Provided material.
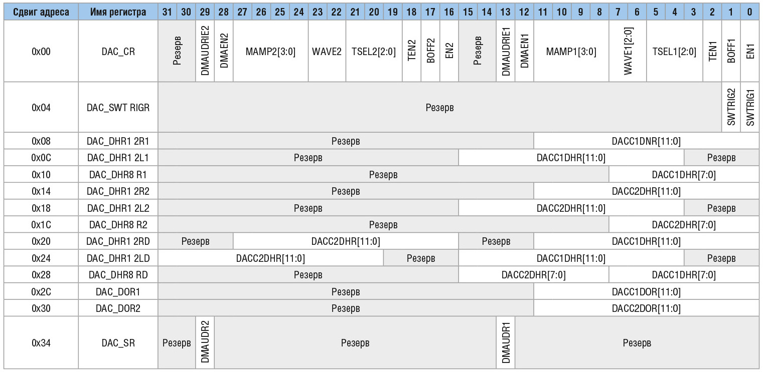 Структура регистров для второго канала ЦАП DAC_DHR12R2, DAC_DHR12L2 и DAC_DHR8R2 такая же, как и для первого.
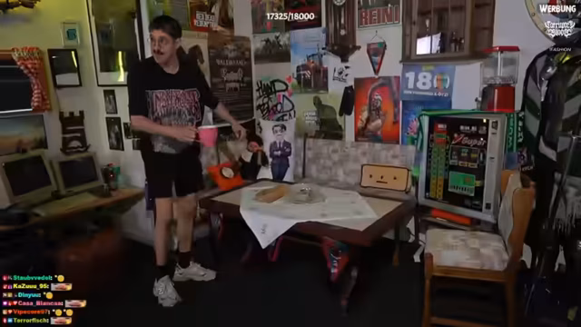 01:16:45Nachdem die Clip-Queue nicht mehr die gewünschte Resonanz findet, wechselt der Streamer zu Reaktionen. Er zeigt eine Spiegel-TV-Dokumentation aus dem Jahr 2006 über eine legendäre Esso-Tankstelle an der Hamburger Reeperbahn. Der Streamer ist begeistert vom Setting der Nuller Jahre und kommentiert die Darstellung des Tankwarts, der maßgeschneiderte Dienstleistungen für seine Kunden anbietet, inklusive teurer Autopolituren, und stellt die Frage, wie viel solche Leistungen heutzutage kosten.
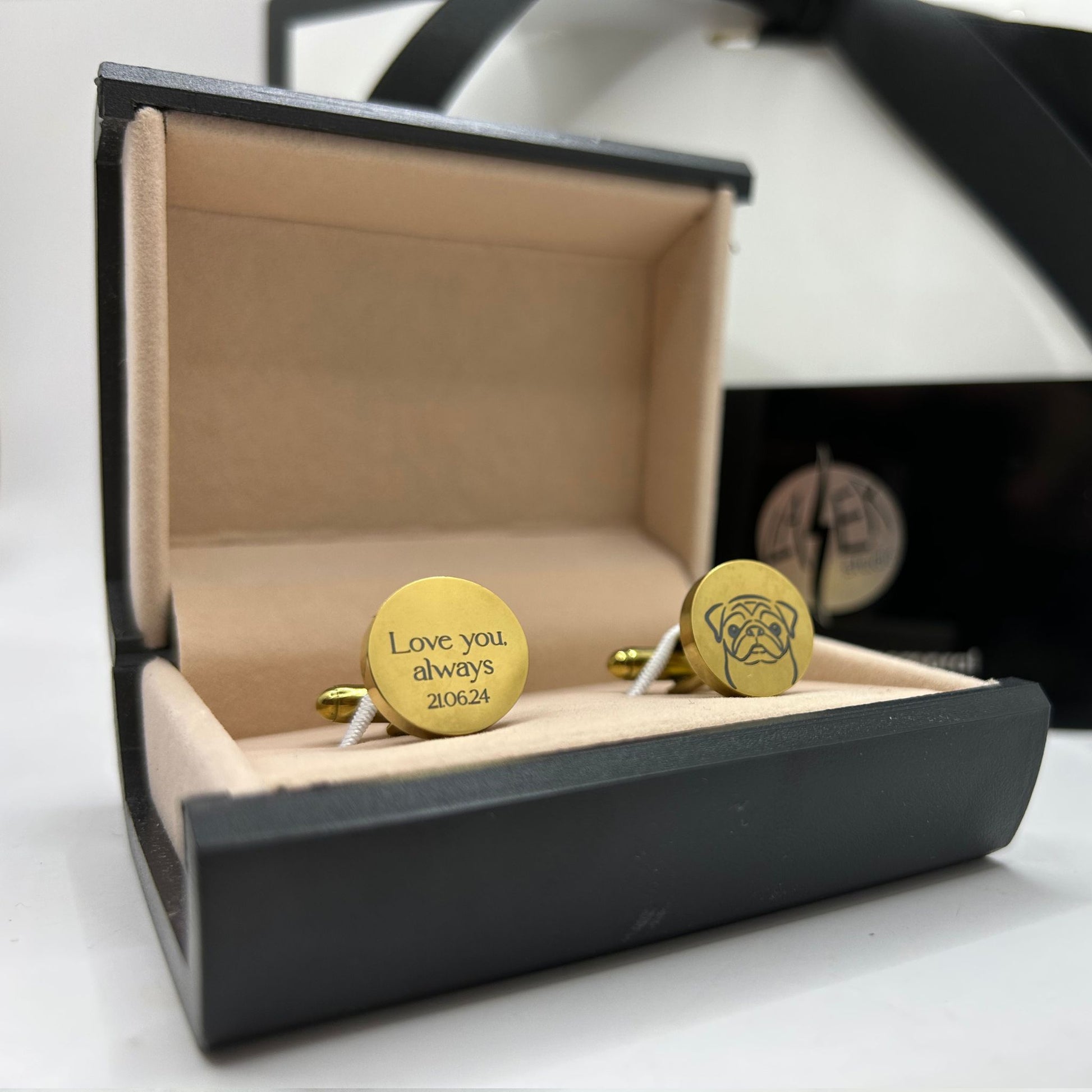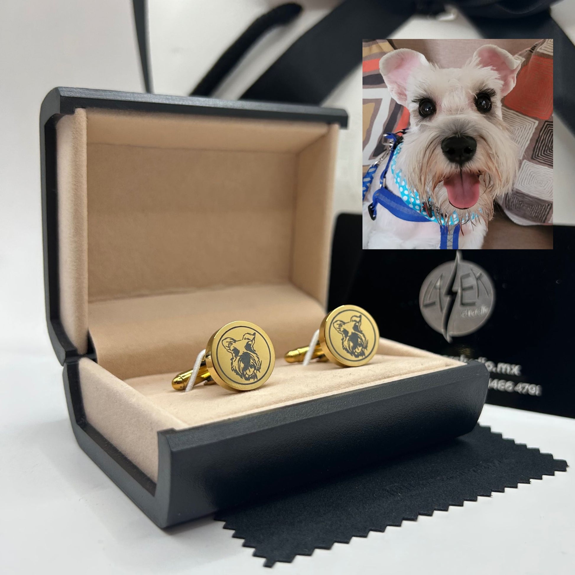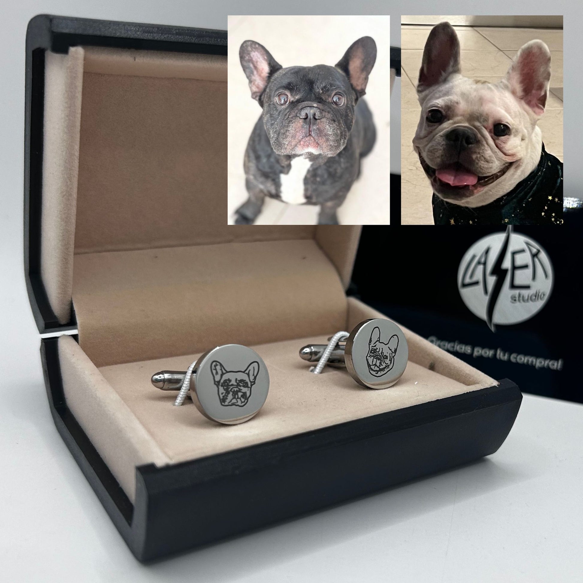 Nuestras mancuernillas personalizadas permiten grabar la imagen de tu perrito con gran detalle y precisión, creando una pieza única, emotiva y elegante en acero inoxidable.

Problem to work on. For this exercise, write out the listing verbatim and leave every image out.

Solved problem.
 Структура регистров для второго канала ЦАП DAC_DHR12R2, DAC_DHR12L2 и DAC_DHR8R2 такая же, как и для первого.
 01:16:45Nachdem die Clip-Queue nicht mehr die gewünschte Resonanz findet, wechselt der Streamer zu Reaktionen. Er zeigt eine Spiegel-TV-Dokumentation aus dem Jahr 2006 über eine legendäre Esso-Tankstelle an der Hamburger Reeperbahn. Der Streamer ist begeistert vom Setting der Nuller Jahre und kommentiert die Darstellung des Tankwarts, der maßgeschneiderte Dienstleistungen für seine Kunden anbietet, inklusive teurer Autopolituren, und stellt die Frage, wie viel solche Leistungen heutzutage kosten.
 Nuestras mancuernillas personalizadas permiten grabar la imagen de tu perrito con gran detalle y precisión, creando una pieza única, emotiva y elegante en acero inoxidable.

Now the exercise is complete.